Re: Clear the LAG queue

craigsrsen · Posted 08-08-2018 04:38 PM

I have a dataset that I am processing in BY-groups and am using multiple LAG functions, e.g. a LAG1 variable, a LAG2 variable, etc.

When I reach a new BY group, I want to clear the entire LAG queue from memory and start over. If I use FIRST. I can clear lagged values from the first record in a BY group, but on the second record of the BY group I am still pulling in lagged values from the previous BY group.

I could probably devise a work-around but I am wondering if there is a simple command to clear the entire LAG queue.

Thanks

ballardw · Posted 08-08-2018 05:38 PM

@craigsrsen wrote:

I have a dataset that I am processing in BY-groups and am using multiple LAG functions, e.g. a LAG1 variable, a LAG2 variable, etc.

When I reach a new BY group, I want to clear the entire LAG queue from memory and start over. If I use FIRST. I can clear lagged values from the first record in a BY group, but on the second record of the BY group I am still pulling in lagged values from the previous BY group.

I could probably devise a work-around but I am wondering if there is a simple command to clear the entire LAG queue.

Thanks

No simple way to clear the lag queue entirely.

If you show the code you are currently attempting we can make suggestions that may work in this case.

Likely it is going to involve a counter within the by group and conditional assignment to a different variable than a simple lagn()

hashman · Posted 08-08-2018 06:01 PM

@craigsrsen:

It cannot be done after the BY group, and here's why.
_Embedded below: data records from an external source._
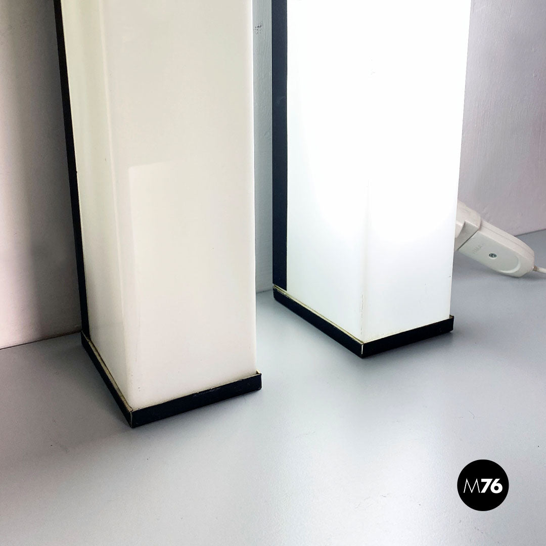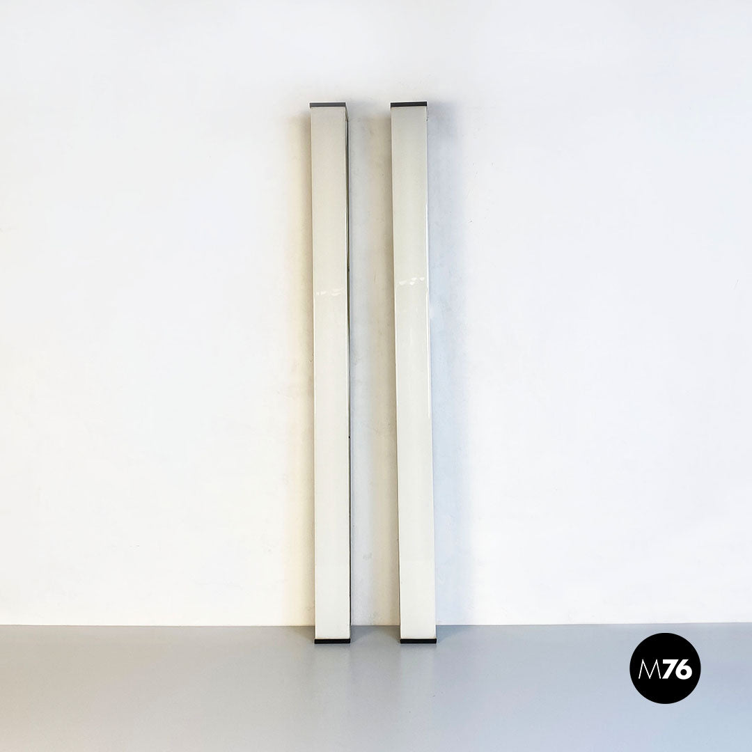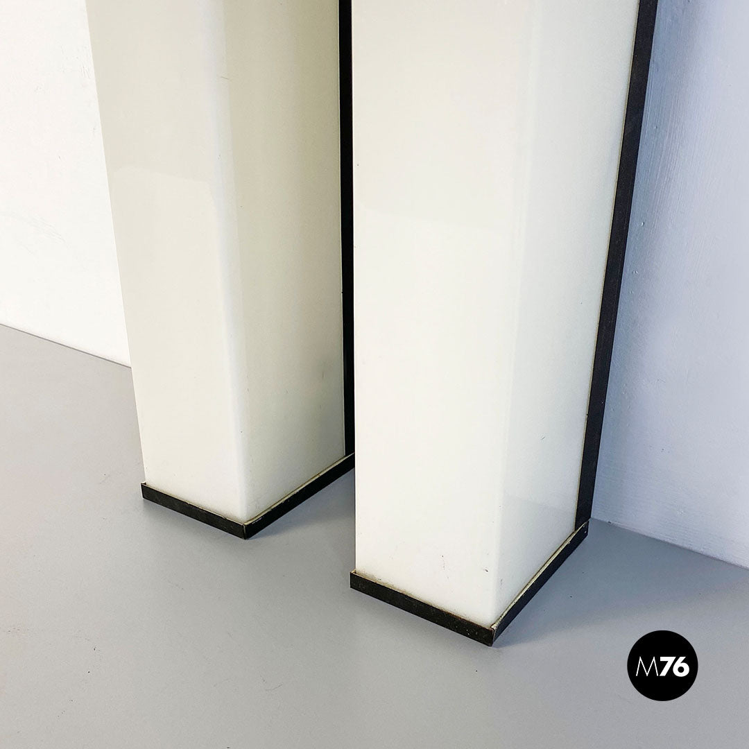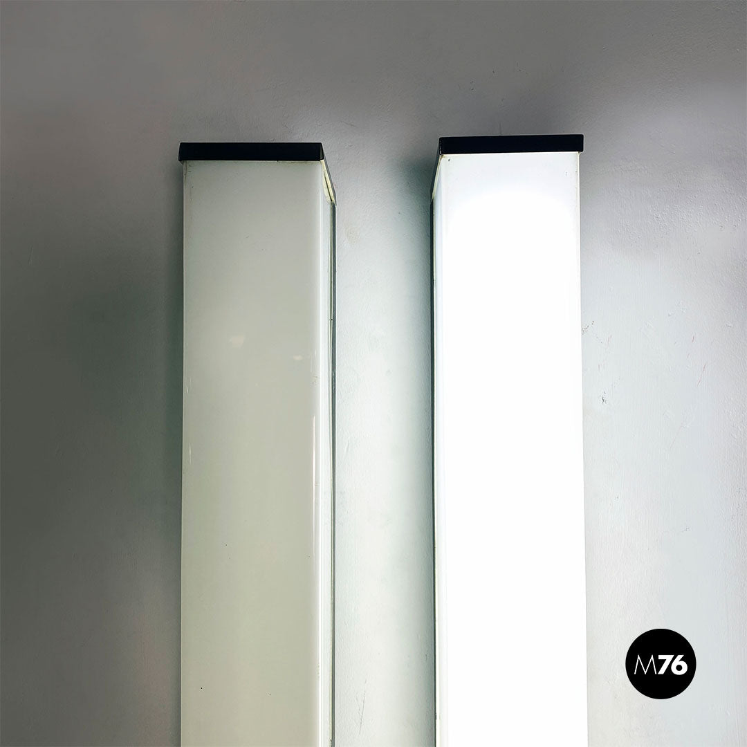 Coppia di lampade da parete o da soffitto a neon da soffitto o da parete con struttura metallica nera e parte frontale in plexiglass entrambe già provviste di neon led. all’interno. Posizionabili anche come lampade da pavimento.
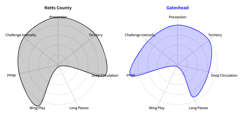 Looking at the playing style rankings and despite Gateshead's lowly league position they actually rank highly in many of the construction and challenge intensity stats. However, they rank the lowest for wing play which might provide an indication of how they might shape up against Notts on Tuesday night.
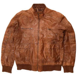 - Descripción de IA: This A.P.C. mens utility jacket is crafted from rich brown leather, offering a durable yet refined texture. It features a classic collared neckline and long sleeves. The regular fit ensures comfortable wear. A four-button front closure provides a traditional touch. Practical pockets enhance its utility design, blending classic style with everyday functionality. This piece is a timeless addition to any wardrobe.
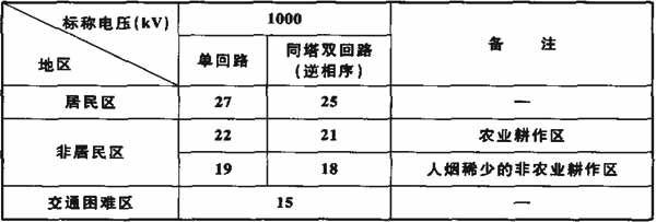 注:1 宜遠(yuǎn)離低壓用電線(xiàn)路和通信線(xiàn)路,在路徑受限制地區(qū),與低壓用電線(xiàn)路和通信線(xiàn)路的平行長(zhǎng)度不宜大于1500m,與邊導(dǎo)線(xiàn)的水平距離宜大于50m,必要時(shí),通信線(xiàn)路應(yīng)采取防護(hù)措施,受靜電或電磁感應(yīng)影響電壓可能異常升高的入戶(hù)低壓線(xiàn)路應(yīng)給予必要的處理;
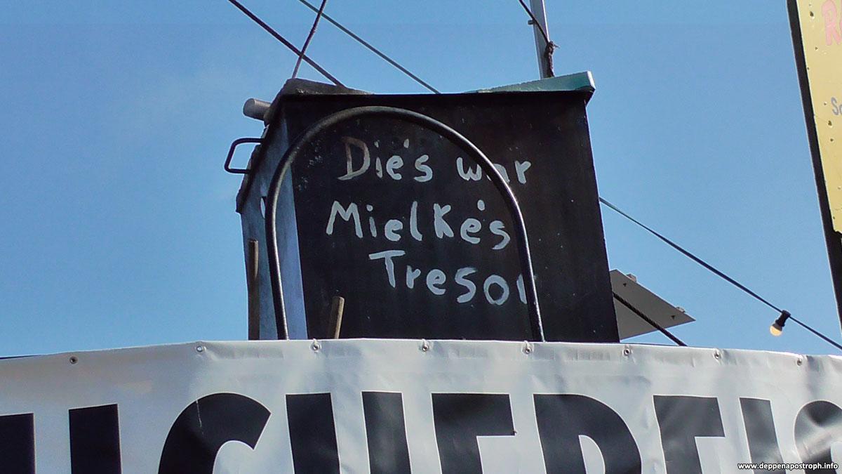 Die’s war Mielke’s TresorVeröffentlicht am 16. August 2015von AndreasGenitiv Entdeckt auf dem Räucherschiff „Elbe“ in Ralswiek (Rügen) von Jörg Knochen. Fundort auf der Karte anzeigen Teilen Twittern

Suppose you have data as below and attempt to clean the queues after each BY group by repeatedly dequeueing in a loop up to the length of the longest lag:

data test ;            
  input id v ;         
  cards ;              
2 1                    
2 2                    
3 1                    
3 2                    
3 3                    
;                      
run ;                  
                       
data _null_ ;          
  do until (last.id) ; 
    set test ;         
    by id ;            
    x1 = lag1 (v) ;    
    x2 = lag2 (v) ;    
    put _n_= x1= x2= ; 
  end ;                
  do _n_ = 1 to 2 ;    
    x = lag1 (.) ;     
    x = lag2 (.) ;     
  end ;                
run ;

What you'll see in the log will be (note that _N_ below is the BY group number):

_N_=1 x1=. x2=.
_N_=1 x1=1 x2=.
_N_=2 x1=2 x2=1
_N_=2 x1=1 x2=2
_N_=2 x1=2 x2=1

Obviously, nothing has been cleaned up. The reason is that when the compiler sees LAG1 and LAG2 for the second time, it allocates totally new queues having nothing whatsoever to do with the queues referenced in the BY group DO loop, and so the "clean-up" DO loop executes against the second set of the LAGs. The only two ways I see to work around it are:

1. Organize your queues using arrays or hash tables (it's actually pretty easy).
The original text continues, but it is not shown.